El 21 de abril de 2026, Delcy Rodríguez, encargada del régimen venezolano, informó que solicitó al Fondo Monetario Internacional (FMI) el acceso a los Derechos Especiales de Giro (DEG) pertenecientes al país, los cuales ascienden a unos 5 mil millones de dólares.
Al respecto consultamos con el Economista José Luis Alcocer quien informó que, aun cuando la solicitud puede hacerla, para el caso de los DEG tiene matices técnicos importante sobre el «cómo» se realiza esta operación.
Explicó que los Derechos Especiales de Giro (DEG) no son una moneda en sí misma, sino un activo de reserva internacional que puede ser utilizado para obtener liquidez, cancelar obligaciones o servir como garantía en operaciones específicas. “Por esa razón” apuntó, “de acuerdo al Convenio Constitutivo del FMI, los países miembros tienen permitido realizar operaciones autorizadas entre sí. Esto incluye el uso de los DEG como garantía real o prenda, esto significa que el préstamo no es directo con el FMI, sino que este sirve de intermediario.
Adelantó el Economista que en el mecanismo para realizar transacciones un país puede recibir un préstamo de otro país miembro o de una institución prescrita como el Banco Mundial o el BID y poner sus DEG como respaldo. Si el prestatario no paga, el prestamista puede ejecutar la garantía y quedarse con los DEG. Esta operación requiere de extrema responsabilidad por parte del estado venezolano, su poder ejecutivo y la directiva del BCV,
Aclaró que mas que un «préstamo con respaldo», lo más común es que los países intercambien sus DEG por divisas de libre uso (dólares, euros, yuanes, etc.) a través de los Acuerdos Voluntarios de Negociación. En ese proceso el país solicita al FMI la conversión y el FMI actúa como intermediario para que otros países con posiciones externas fuertes compren esos DEG a cambio de moneda dura.

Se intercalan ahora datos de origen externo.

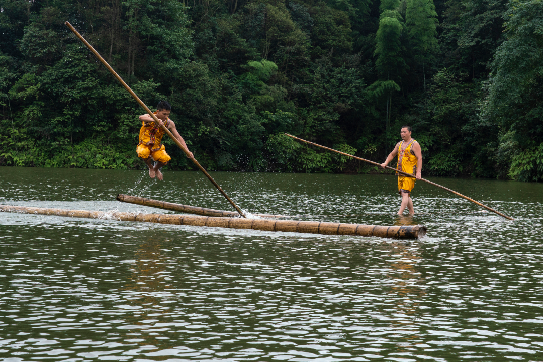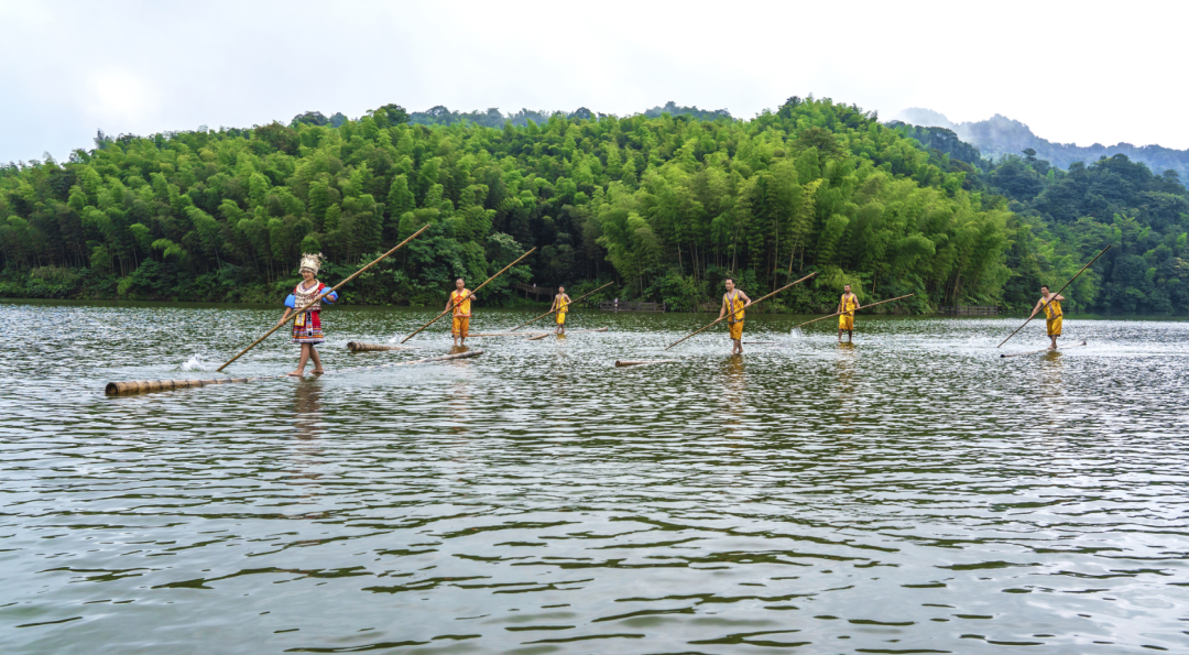 独竹漂发源于贵州省赤水河流域,又称“独竹舟”,俗称“划竹竿”,原是当地老百姓在生产生活中渡河的一种方式,1999年在全国第六届少数民族传统体育运动会上,以表演项目首度亮相便夺得表演金奖。

José Luis Alcocer, quien también coordina al movimiento Unidad Matancera en SIDOR concluye en que, si un país utiliza sus DEG como colateral para obtener financiamiento externo, su contraparte debe ser otro banco central o una institución oficial reconocida por el Fondo. De esta manera se puede estabilizar la balanza de pagos sin recurrir exclusivamente a préstamos directos del FMI. “Sin embargo”, admite para finalizar “esta transacción amerita de una extrema confianza en las instituciones, lo cual es un atributo que todavía está en recuperación en Venezuela y se mide en parámetros como el riesgo país, independencia de poderes, libertad comercial, inflación, PIB, etc., ¿Estará el régimen venezolano en capacidad de presentar esas cartas de solvencia?